Шучу, шучу, что с лица-то взбледнули? У тебя, Гриня, вообще гарем будет, только успевай зарабатывать. Ладно, слушайте. У нас в армии на подсобном хозяйстве были два деревенских гнома. Со Свердловской области. Один конюх, другой – свинарь. В расположение только на выходные возвращались. Страшно переживая по своим свинкам и лошадкам. Еще бы, там снег квадратным делать не надо, и сечку на воде жрать незачем. И никто не орет, не обижает. А можно пить вкусную бражку, есть белый хлеб без нормы и регулярно пороть местных служащих СА – озабоченных чумазых удмурток неопределенного возраста. Которые тоже... мелкие и вонючие. Оттуда, с подсобного, нам и привезли в казарму... зверей. У конюха чуть ли трусы не шевелились. Весь керосин с летучих мышей ушел на профилактику. Я с дежурства вернулся, зашел в казарму – вонища. Бойцы бегают туда-сюда, ну это как раз нормально, только все какие-то... по-особенному возбужденные. В умывальнике раскорячившись, стоит голый солдат в одних тапках и выбривает себе пах.

Тогда-то я и узнал новости. Тут же поступило предложение пойти в кубрик третьего взвода, чтобы посмотреть на героев дня и их фауну. Я подумал – в армии тогда думать надо было демонстрируя процесс, то есть с паузой и соответствующими переживаниями на лице. Чтобы не прослыть несерьезным человеком. Подумал и отказался. Я был наслышан про прыгающих блох. А повадки лобковых вшей мне незнакомы. И сам я не настолько любопытен. Товарищи мои придерживались того же мнения. Еще мы решили не сдавать нижнее белье по субботам, а стирать самостоятельно. А то мало ли чьё потом достанется. А доверия прачечной мало. И гладили всё особенно тщательно. Раза на три. Брить тестикулы не стали – стремно. И на авось.

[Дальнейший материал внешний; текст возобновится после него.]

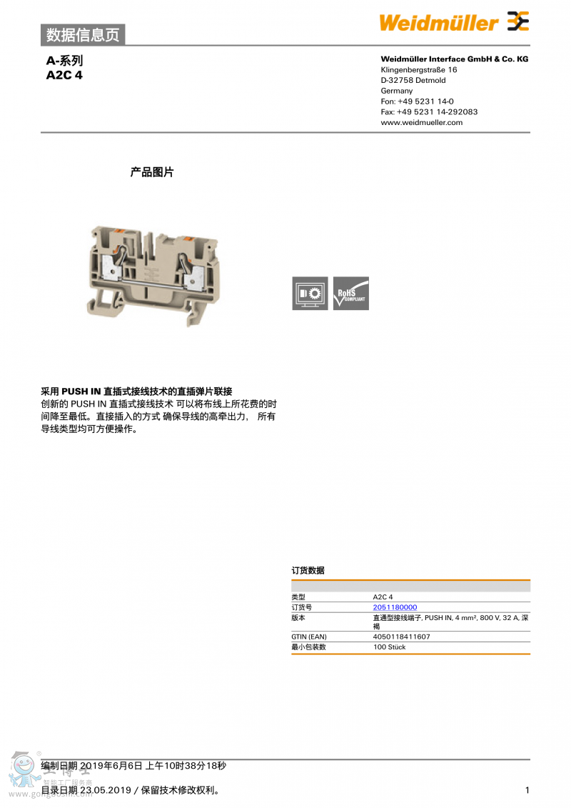 魏德米勒weidmulle直通型接線端子A2C 4訂貨號2051180000

Ротный потешался на построениях. "Что, – говорит, – нашли себе бабушек? А если такая от счастья помрет, что ты делать будешь? Пять нарядов, каждому!" Нас бы убил, а с этих клоунов что взять. На них посмотришь, уже смешно. Представь – два Швейка, метр с кепкой каждый, рябые, рыхлые, пэша складками, шапка как у почтальона Печкина. Позор Советской Армии! Но ведь гусары!

Глава 1

5 . О жизни на болоте.

–А что ты от меня хочешь, я ведь, по сути, обычный человек? Откуда я могу все знать. Я и не стремился. Представь, что тебя просят рассказать, где ты был и что делал много-много лет назад. И что тогда творилось в мире. Примерно-то ты помнишь многое, что-то конечно и в деталях, но... Возможны пробелы. Я сижу у окна. Вспоминаю юность. Улыбнусь порою, порой отплюнусь.

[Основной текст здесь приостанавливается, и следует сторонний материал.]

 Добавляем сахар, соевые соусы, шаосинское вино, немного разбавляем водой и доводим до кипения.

Жизнь иногда была такая, что ... стоило навсегда забыть. Понять же, запомнить, чтобы сделать запоздалые выводы... не хотелось. Думалось – летим, как на сломанной карусели. На бешеной карусели – скорей бы все закончилось. Тогда уже можно будет выдохнуть и открыть глаза. Начать дышать и всматриваться.

Я могу рассказать только про то, что я видел, о чем слышал и ... что помню. Ну, могу еще немного приврать, хе-хе, уж больно у вас морды забавные. Сурьёзные такие!

Скажи вам, что будут звездолеты летать и мир во всем мире, вы тут же поверите, а расскажешь, как Союз развалился, про брат на брата... или про то, что жигули можно будет купить с одной зарплаты... так все...Сказочник! Ну и что? Чисто дети! Так что... можно я буду говорить то, что считаю нужным? Благодарствую. А вы уже сами делайте выводы.

Почему не стремился? Что "не стремился"? А, ну да, у вас же это приветствуется. Киножурнал "Хочу все знать"! Да, хотели. Всё знать, всё уметь. И образование у нас шло хорошее. Всеобъемлющее. Я сравнивал потом правильное образование с ёлкой. Школа, семья, книги, фильмы...короче правильная почва дала возможность вырастить крепкие корни, ствол, основные ветви. Дополнительное специальное образование – мелкие ветки и иголки. Согласно полученным профессиональным навыкам. У кого крона погуще, у кого пожиже. Но красивое дерево получается. Ровное. Игрушки и гирлянды каждый сам навесит. И таких – большинство. На окраинах и в гнилых местах, типа Москвы, поменьше. Там конечно покривее. А так – нормально. И есть чем гордиться, несмотря, как говорится, на!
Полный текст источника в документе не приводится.